* [Problem description] From the data below, return the exact lines starting at the line containing "Atsisveikinimas su J. Vitkumi-Kazimieraičiu" and ending at the line containing "1947 m. Dainavos", both included, and nothing else.

* [Dataset entries]
☆ ☆ ☆ ☆ ☆

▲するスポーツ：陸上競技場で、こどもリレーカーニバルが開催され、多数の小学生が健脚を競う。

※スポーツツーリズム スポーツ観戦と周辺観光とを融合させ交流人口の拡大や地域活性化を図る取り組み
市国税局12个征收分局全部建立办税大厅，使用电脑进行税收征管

☆ ☆ ☆ ☆ ☆

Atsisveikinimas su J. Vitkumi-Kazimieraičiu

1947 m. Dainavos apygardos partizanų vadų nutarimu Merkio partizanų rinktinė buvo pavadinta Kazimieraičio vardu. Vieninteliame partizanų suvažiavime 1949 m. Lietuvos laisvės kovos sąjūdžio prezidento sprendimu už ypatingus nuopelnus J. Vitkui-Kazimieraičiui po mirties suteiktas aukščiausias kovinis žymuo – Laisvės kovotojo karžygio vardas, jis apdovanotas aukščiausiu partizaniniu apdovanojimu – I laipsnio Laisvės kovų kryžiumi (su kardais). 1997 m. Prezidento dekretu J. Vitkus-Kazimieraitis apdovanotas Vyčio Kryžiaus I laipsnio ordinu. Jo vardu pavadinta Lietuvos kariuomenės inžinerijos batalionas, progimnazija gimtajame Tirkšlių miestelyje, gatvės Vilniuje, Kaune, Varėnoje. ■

☆ ☆ ☆ ☆ ☆

* [Answer space]
Atsisveikinimas su J. Vitkumi-Kazimieraičiu

1947 m. Dainavos apygardos partizanų vadų nutarimu Merkio partizanų rinktinė buvo pavadinta Kazimieraičio vardu. Vieninteliame partizanų suvažiavime 1949 m. Lietuvos laisvės kovos sąjūdžio prezidento sprendimu už ypatingus nuopelnus J. Vitkui-Kazimieraičiui po mirties suteiktas aukščiausias kovinis žymuo – Laisvės kovotojo karžygio vardas, jis apdovanotas aukščiausiu partizaniniu apdovanojimu – I laipsnio Laisvės kovų kryžiumi (su kardais). 1997 m. Prezidento dekretu J. Vitkus-Kazimieraitis apdovanotas Vyčio Kryžiaus I laipsnio ordinu. Jo vardu pavadinta Lietuvos kariuomenės inžinerijos batalionas, progimnazija gimtajame Tirkšlių miestelyje, gatvės Vilniuje, Kaune, Varėnoje. ■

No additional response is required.